Trying to protect you.
http://www.soundproofingcompany.com/soundproofing-solutions/soundproofing-walls/
Here's A clear easy to understand web site on the proper way to do it.


----------



## jasoil (Mar 25, 2015)

joecaption said:


> It matters because if I saw one of my tenets did any changes like that they would be evicted.
> Trying to protect you.
> http://www.soundproofingcompany.com/soundproofing-solutions/soundproofing-walls/
> Here's A clear easy to understand web site on the proper way to do it.




Hi! I imagined that was the reason why you were asking and I appreciate it, honest. 

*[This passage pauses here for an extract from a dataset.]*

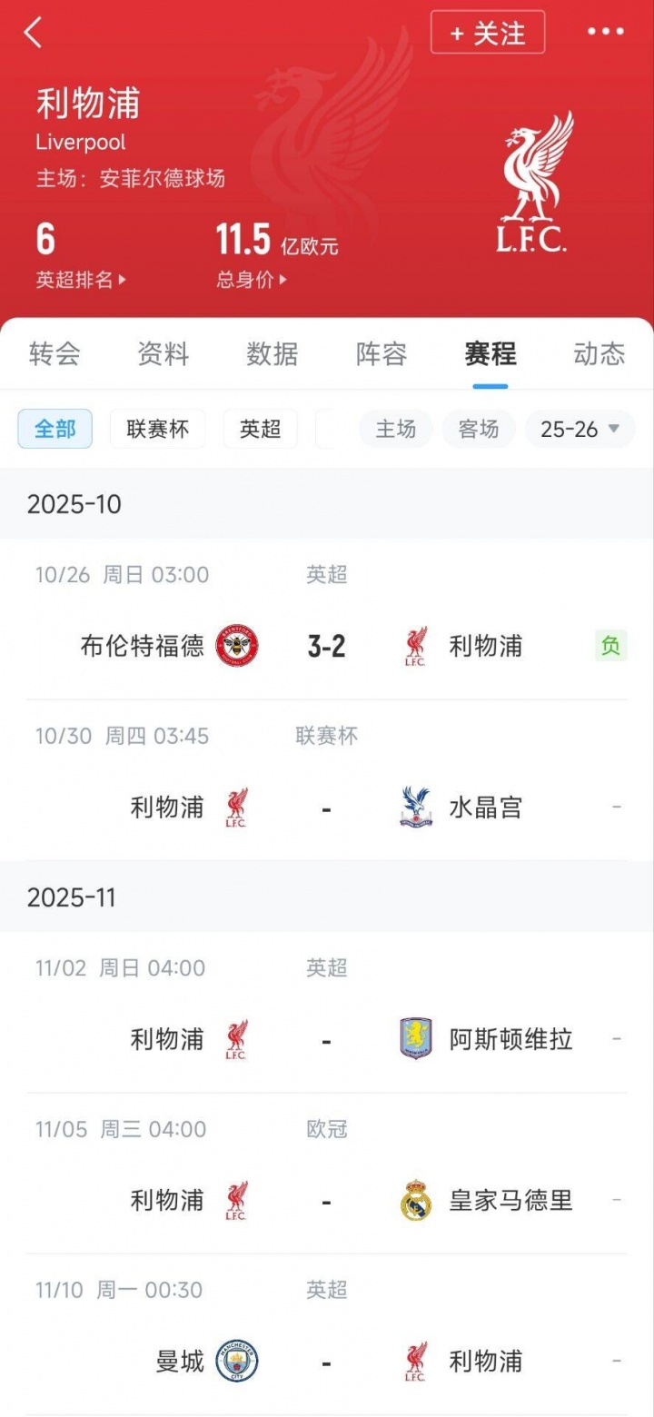 10月26日讯 英超第9轮利物浦2-3不敌布伦特福德,碰到英超四连败。

Will take a look at that website. 

Thanks!


----------



## Hick (Nov 21, 2014)

Agreed with joe. You might want to check to make sure your APT manager is okay with this. Modifying someone else property without their consent (beyond something like hanging a picture) can mean an automatic eviction & forfeiture of your deposit.


----------



## jasoil (Mar 25, 2015)

Hi!

I know that when you are renting an apt, the place is not yours, and you need to let the owner know, or have them do the repairs. I understand the need to remind whoever might read this that they will get in trouble if they do any work etc to an apt that is not their property. Whoever reads this post has to understand I am only asking a general question about performance of building materials/types....not that I am in a rental apt or going to do any work illegally.

Thanks guys, I understand why you say what you say, and appreciate it, for me and for whomever reads this also. I too don't want anyone getting in trouble or evicted from a rented apt, if that is their living situation.


----------